Les terrasses des cafés ne sont guère occupées que par des officiers en uniforme, — des lieutenans de tirailleurs pour la plupart. Ils portent sur leurs képis un croissant de l’une : le croissant de l’Islam qui fut d’abord le croissant de Tanit, de Diane et d’Isis. Leurs dolmans qui se moulent sur le torse comme des cuirasses de parade m’évoquent la pourpre du manteau consulaire, le paludamentum qu’on déployait, à la façon d’un étendard, sur le front des batailles... Et je me réjouis de retrouver ces symboles de la force française aux lieux mêmes où triompha jadis la force latine !

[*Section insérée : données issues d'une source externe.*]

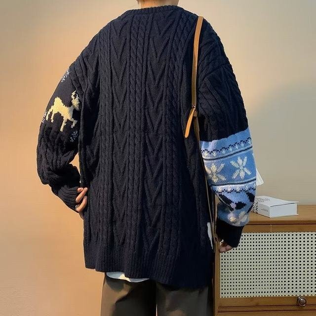 メンズニット セーター メンズ 編みニット 長袖 男性 秋冬 防寒 ゆったり トップス ネイビー XL

En voiture découverte, je suis une belle route ombragée de platanes. Le soleil printanier achève de dissiper les vapeurs humides qui embrumaient l’atmosphère. Pourtant la ligne grisâtre des montagnes est encore indécise. Ce paysage à demi voilé se dessine avec une finesse extrême ; on ne voit partout que des arbres d’Europe, et l’air est si léger qu’on se croirait en France.

De Batna à Thimgad, il y a tout près de quarante kilomètres. Mais je m’arrête un instant à Lambèse, — la Lambæsis des Romains, le lieu de déportation si fameux sous le second Empire.

Ce fut d’abord un simple camp retranché, construit, au début du IIe siècle, pour contenir les nomades ; puis bientôt toute une ville se développa autour du camp, et Lambèse devint une cité au moins aussi considérable que Thimgad sa voisine.